Premix supplied per kg diet: vitamin A, 11,000 IU; vitamin D, 3,025 IU; vitamin E, 22 mg; vitamin K3, 2.2 mg; thiamine, 1.65 mg; riboflavin, 6.6 mg; pyridoxine, 3.3 mg; cobalamin, 17.6 μg; nicotinic acid, 22 mg; pantothenic acid, 13.2 mg; folic acid, 0.33 mg; biotin, 88 μg; choline chloride, 500 mg; iron, 48 mg; zinc, 96.6 mg; manganese, 101.76 mg; copper, 10 mg; selenium, 0.05 mg; iodine, 0.96 mg; cobalt, 0.3 mg.

Sample Collection

Individual BW and feed consumption per cage were recorded on day 21 and 42 after 12-hour fast to calculate ADG, ADFI, and feed-to-gain ratio (F:G).
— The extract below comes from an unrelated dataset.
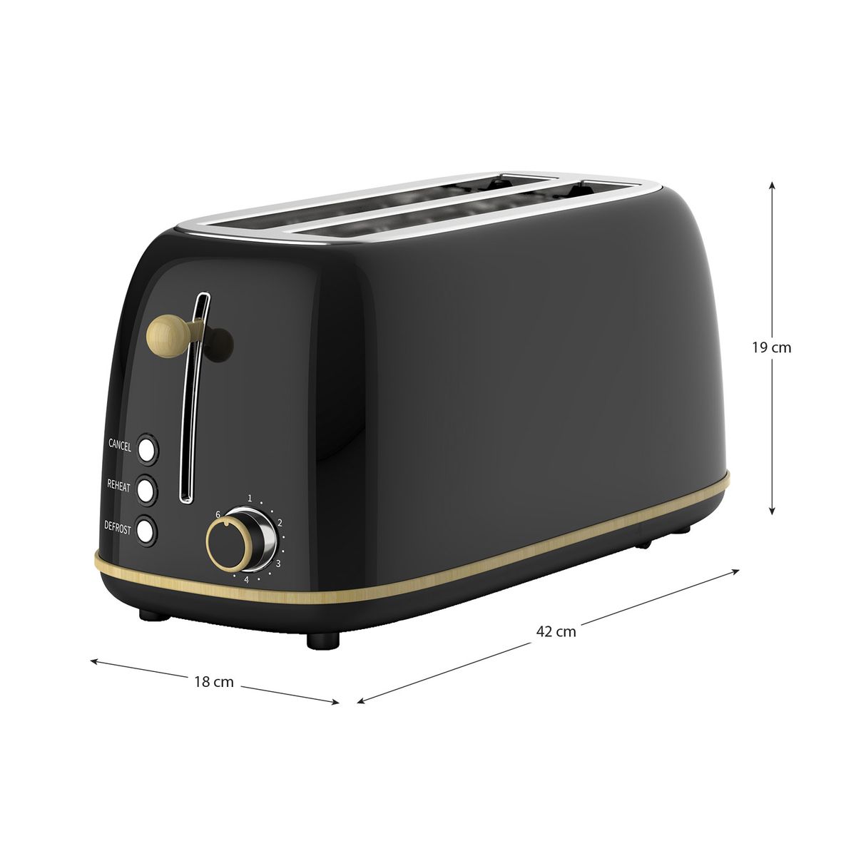 Tostador XL en negro, 42 x 18 x 19 cm | Kaito

On day 21 and 42, 1 bird per cage with the BW close to the mean BW of the cage (7 birds per treatment) was selected. Blood samples were collected by wing vein puncture, centrifuged at 3,000 × g for 15 min at 4°C, and stored at −80°C until analysis. After blood sample collection, birds were euthanized by electrical stunning and bleeding of the carotid artery. Thereafter, the gastrointestinal tract was carefully excised. The jejunum section (from the pancreatic ducts to Meckel's diverticulum) was gently flushed with 0.9% ice-cold saline, then the mucosa was scraped with a sterile glass slide, snap frozen in liquid nitrogen, and stored at −80°C. Cecal digesta was also collected, snap frozen in liquid nitrogen, and stored at −80°C until further analysis.

Chemical Analysis

Samples of ingredients and diets were ground through a 1-mm screen, and then analyzed for DM (AOAC, 2007; method 930.15), CP (AOAC, 2007; method 976.05), and ash (AOAC, 2007; method 942.15). The neutral detergent fiber and acid detergent fiber were determined using a fiber analyzer (Ankom Technology, Macedon, NY) according to Van Soest et al. (1991) with heat-stable α-amylase and sodium sulfite and expressed inclusive of residual ash. The gross energy was determined using an automatic adiabatic oxygen bomb calorimeter (Parr 6300 Calorimeter; Parr Instrument Company, Moline, IL). The TDF and IDF were analyzed using AOAC (2007) methods 985.29 and 991.43, respectively. The SDF was calculated as the difference between TDF and IDF.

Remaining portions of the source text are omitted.